* _Task details_
Transcribe each line below verbatim; pictures excluded.

* _Collected data_
=-=-=

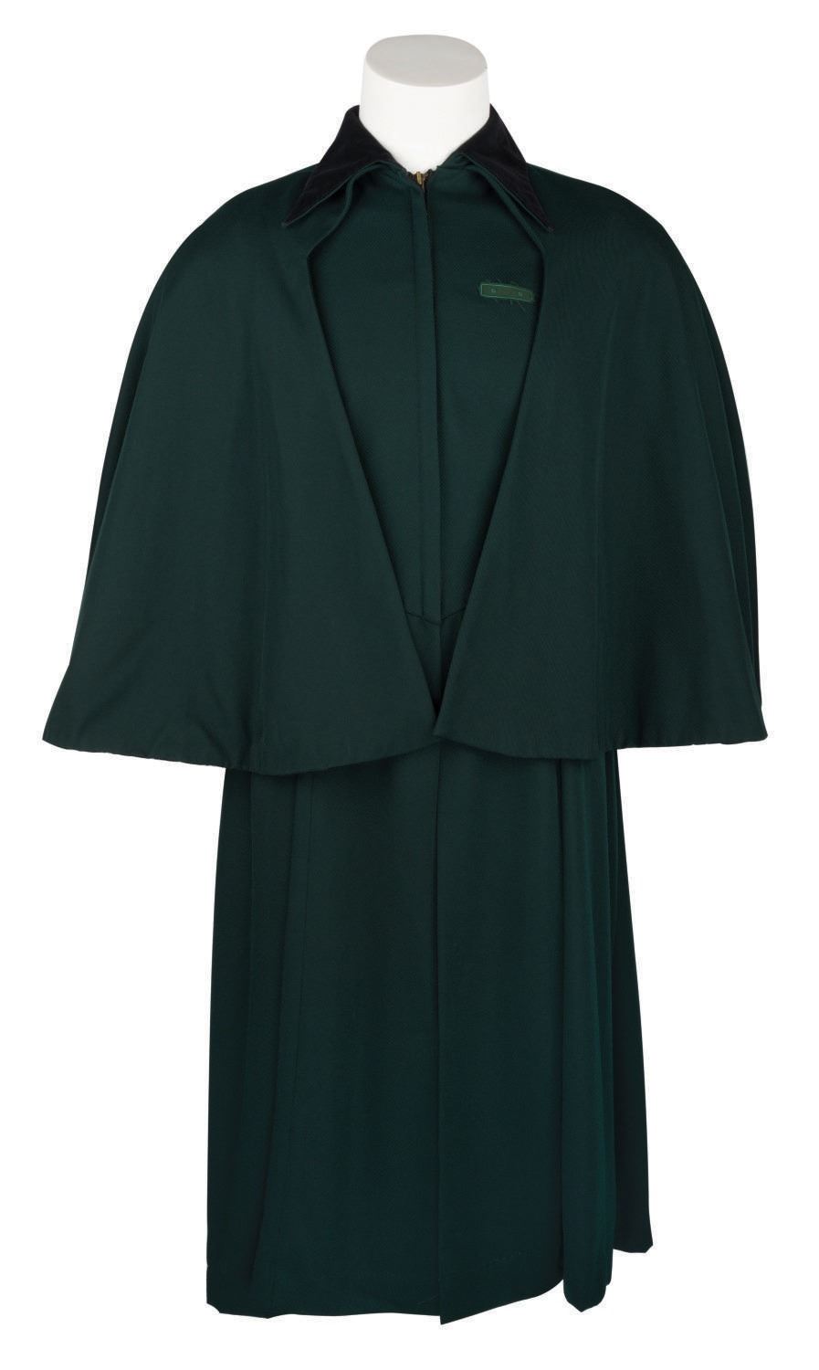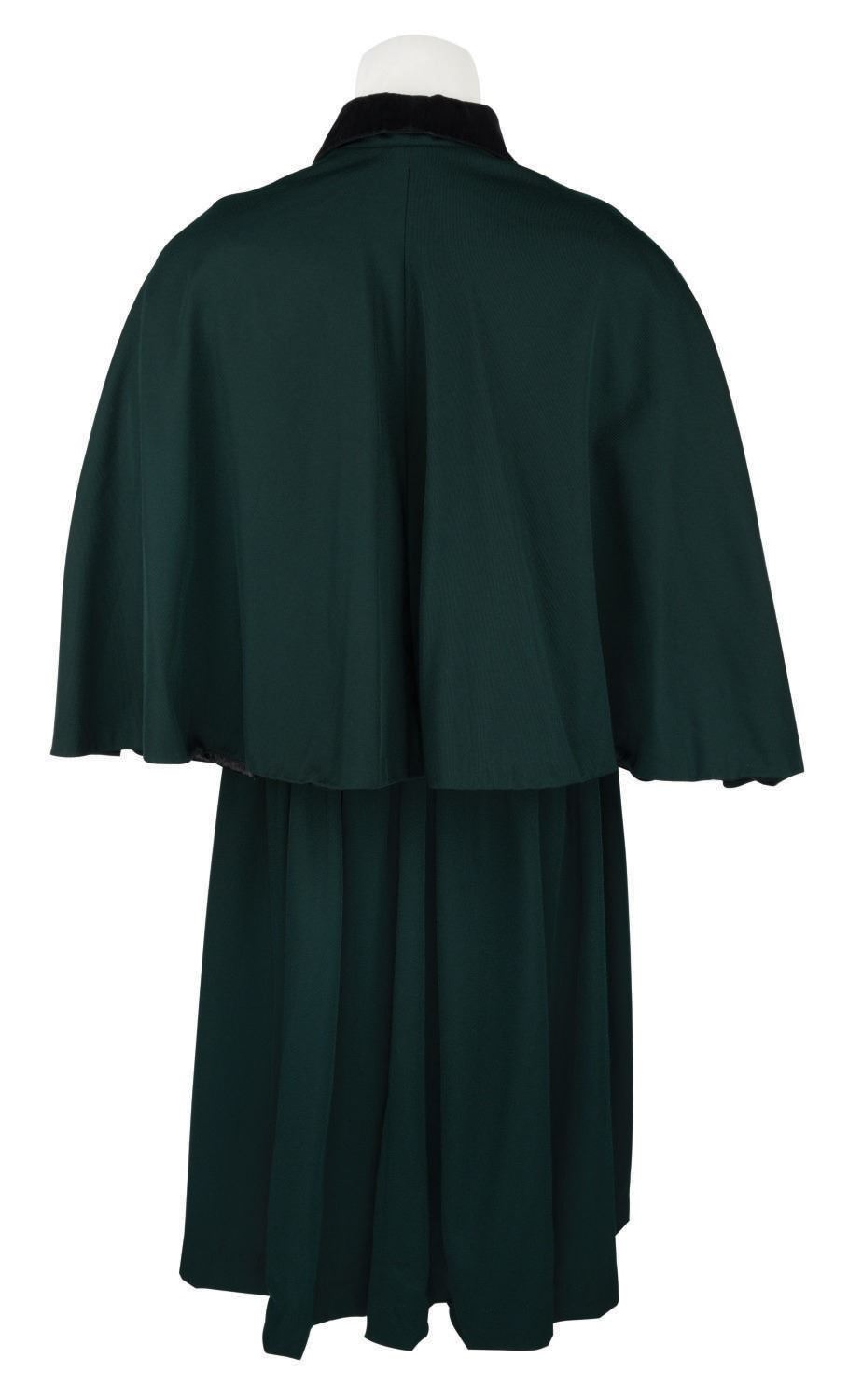 (Walt Disney World, 2000s) A Haunted Mansion Hostess costume with cape from the Liberty Square in The Magic Kingdom at Walt Disney World. The costume comes with a cape for cold-weather days of Park operation. Measuring various sizes, each piece in very good Park-used condition with wear from Park-use, handling, and age.
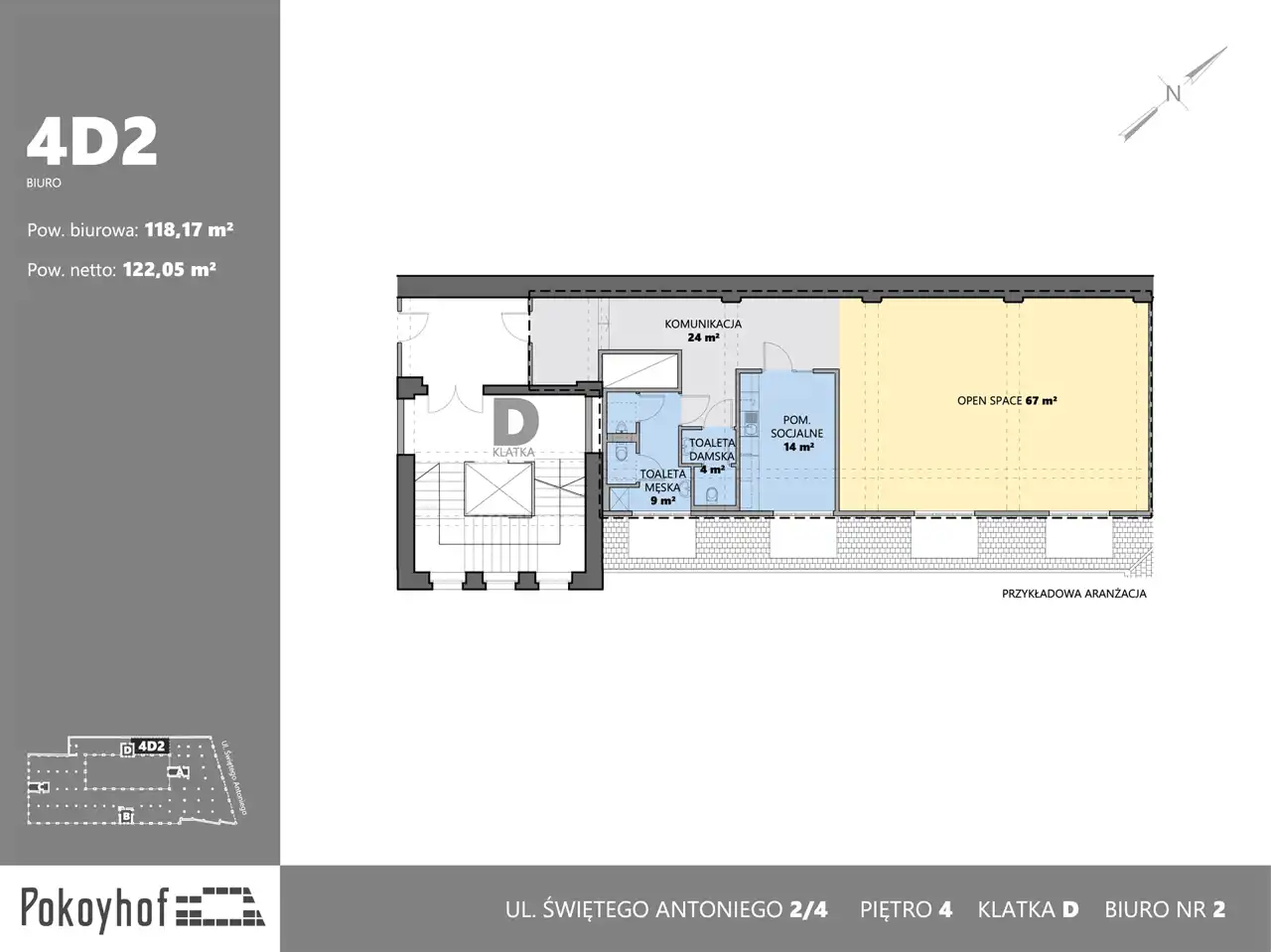 Nowoczesna przestrzeń biurowa w prestiżowej lokalizacji. Do wynajęcia wyjątkowe biuro o powierzchni 122,05 m², zlokalizowane w Pasażu Pokoyhof – w samym sercu wrocławskiego Starego Miasta. To doskonała propozycja dla firm poszukujących inspirującego miejsca do pracy z łatwym dostępem do komunikacji i miejskiej infrastruktury.
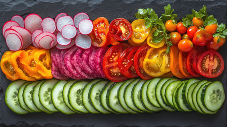 A vibrant display of assorted fresh vegetables, including tomatoes, cucumbers, bell peppers, and radishes, beautifully arranged on a slate background. Perfect for healthy recipes!

=-=-=

* _Task response_
 (Walt Disney World, 2000s) A Haunted Mansion Hostess costume with cape from the Liberty Square in The Magic Kingdom at Walt Disney World. The costume comes with a cape for cold-weather days of Park operation. Measuring various sizes, each piece in very good Park-used condition with wear from Park-use, handling, and age.
 Nowoczesna przestrzeń biurowa w prestiżowej lokalizacji. Do wynajęcia wyjątkowe biuro o powierzchni 122,05 m², zlokalizowane w Pasażu Pokoyhof – w samym sercu wrocławskiego Starego Miasta. To doskonała propozycja dla firm poszukujących inspirującego miejsca do pracy z łatwym dostępem do komunikacji i miejskiej infrastruktury.
 A vibrant display of assorted fresh vegetables, including tomatoes, cucumbers, bell peppers, and radishes, beautifully arranged on a slate background. Perfect for healthy recipes!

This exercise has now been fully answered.